TASK MATERIAL START

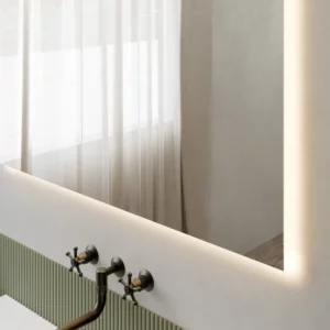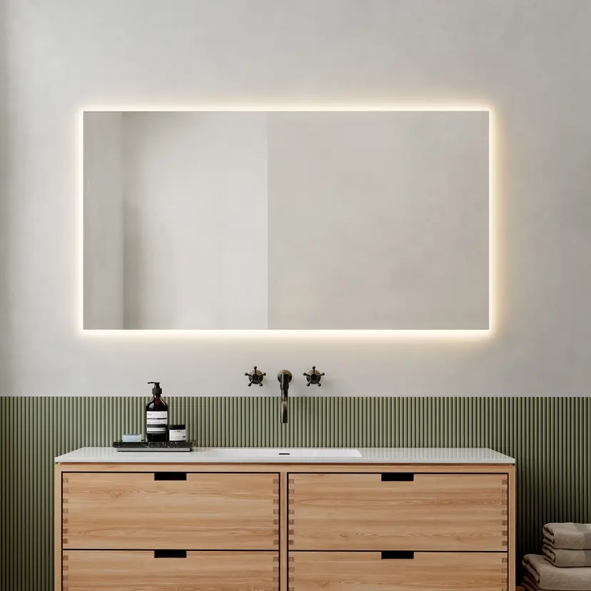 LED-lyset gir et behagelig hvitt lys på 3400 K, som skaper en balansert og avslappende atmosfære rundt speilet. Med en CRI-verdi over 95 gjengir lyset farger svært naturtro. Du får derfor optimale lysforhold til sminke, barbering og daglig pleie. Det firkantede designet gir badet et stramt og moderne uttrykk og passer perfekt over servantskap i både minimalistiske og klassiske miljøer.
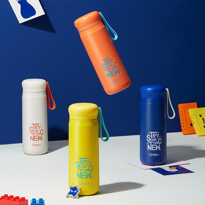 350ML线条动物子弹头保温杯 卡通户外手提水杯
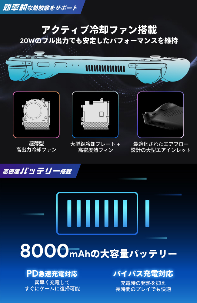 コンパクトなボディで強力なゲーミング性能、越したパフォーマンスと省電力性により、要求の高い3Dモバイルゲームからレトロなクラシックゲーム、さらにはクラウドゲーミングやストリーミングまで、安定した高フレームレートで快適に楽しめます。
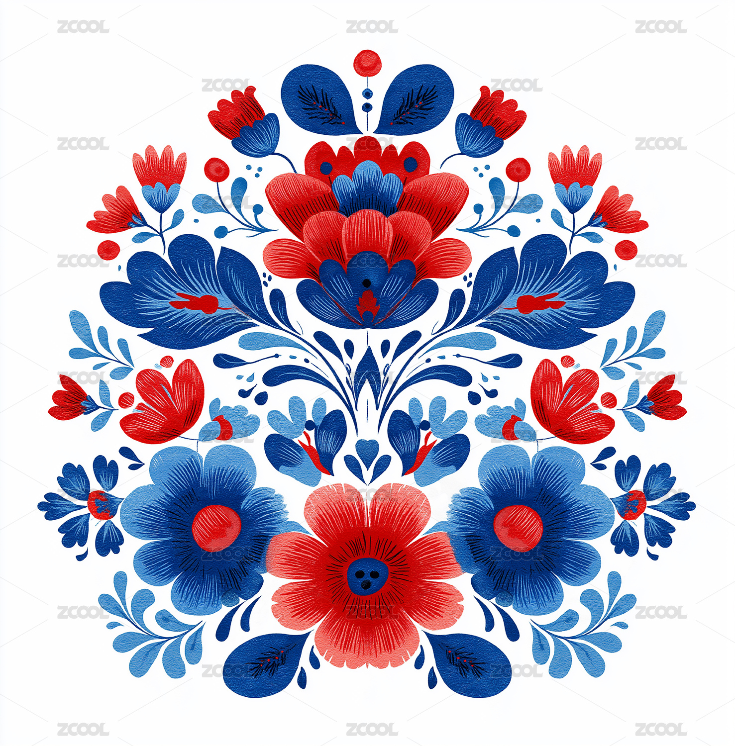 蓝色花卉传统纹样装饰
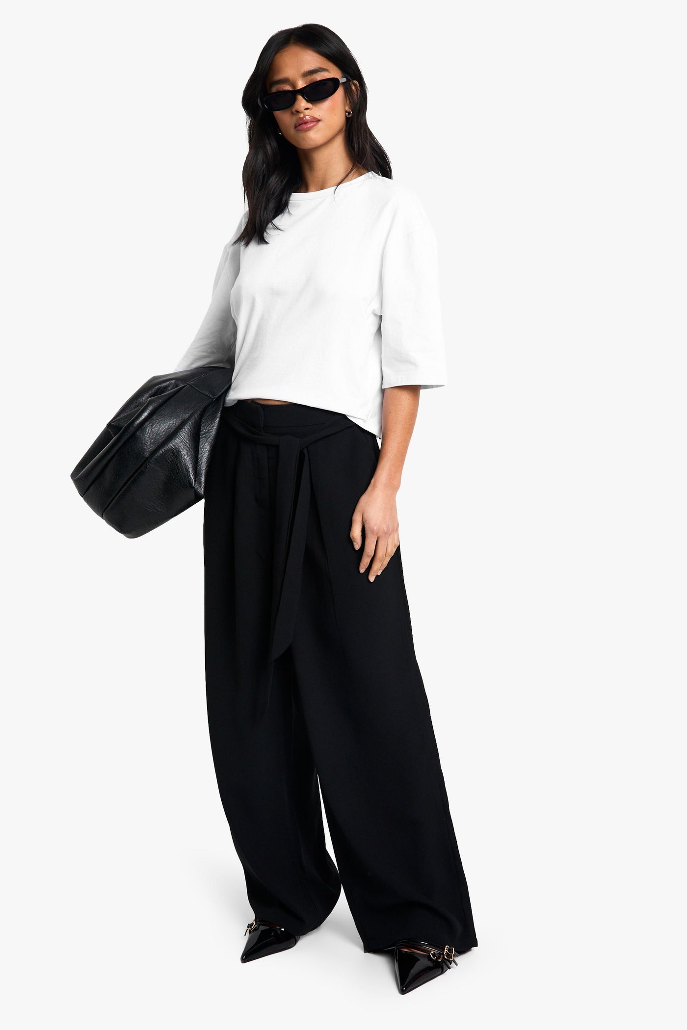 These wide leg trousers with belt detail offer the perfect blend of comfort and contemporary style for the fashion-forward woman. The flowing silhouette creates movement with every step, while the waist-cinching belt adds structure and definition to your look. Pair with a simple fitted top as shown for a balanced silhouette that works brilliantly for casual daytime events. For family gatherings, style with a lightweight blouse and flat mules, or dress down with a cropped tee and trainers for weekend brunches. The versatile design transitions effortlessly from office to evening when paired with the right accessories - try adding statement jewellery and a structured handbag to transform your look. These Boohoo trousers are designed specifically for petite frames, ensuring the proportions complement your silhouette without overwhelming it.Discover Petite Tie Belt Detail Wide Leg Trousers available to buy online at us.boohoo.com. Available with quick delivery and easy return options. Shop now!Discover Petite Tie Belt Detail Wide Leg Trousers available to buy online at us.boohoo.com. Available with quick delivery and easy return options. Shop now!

TASK MATERIAL END

* PROBLEM TO WORK ON
Type out all of the records exactly, leaving out any picture.

* YOUR SOLUTION
 LED-lyset gir et behagelig hvitt lys på 3400 K, som skaper en balansert og avslappende atmosfære rundt speilet. Med en CRI-verdi over 95 gjengir lyset farger svært naturtro. Du får derfor optimale lysforhold til sminke, barbering og daglig pleie. Det firkantede designet gir badet et stramt og moderne uttrykk og passer perfekt over servantskap i både minimalistiske og klassiske miljøer.
 350ML线条动物子弹头保温杯 卡通户外手提水杯
 コンパクトなボディで強力なゲーミング性能、越したパフォーマンスと省電力性により、要求の高い3Dモバイルゲームからレトロなクラシックゲーム、さらにはクラウドゲーミングやストリーミングまで、安定した高フレームレートで快適に楽しめます。
 蓝色花卉传统纹样装饰
 These wide leg trousers with belt detail offer the perfect blend of comfort and contemporary style for the fashion-forward woman. The flowing silhouette creates movement with every step, while the waist-cinching belt adds structure and definition to your look. Pair with a simple fitted top as shown for a balanced silhouette that works brilliantly for casual daytime events. For family gatherings, style with a lightweight blouse and flat mules, or dress down with a cropped tee and trainers for weekend brunches. The versatile design transitions effortlessly from office to evening when paired with the right accessories - try adding statement jewellery and a structured handbag to transform your look. These Boohoo trousers are designed specifically for petite frames, ensuring the proportions complement your silhouette without overwhelming it.Discover Petite Tie Belt Detail Wide Leg Trousers available to buy online at us.boohoo.com. Available with quick delivery and easy return options. Shop now!Discover Petite Tie Belt Detail Wide Leg Trousers available to buy online at us.boohoo.com. Available with quick delivery and easy return options. Shop now!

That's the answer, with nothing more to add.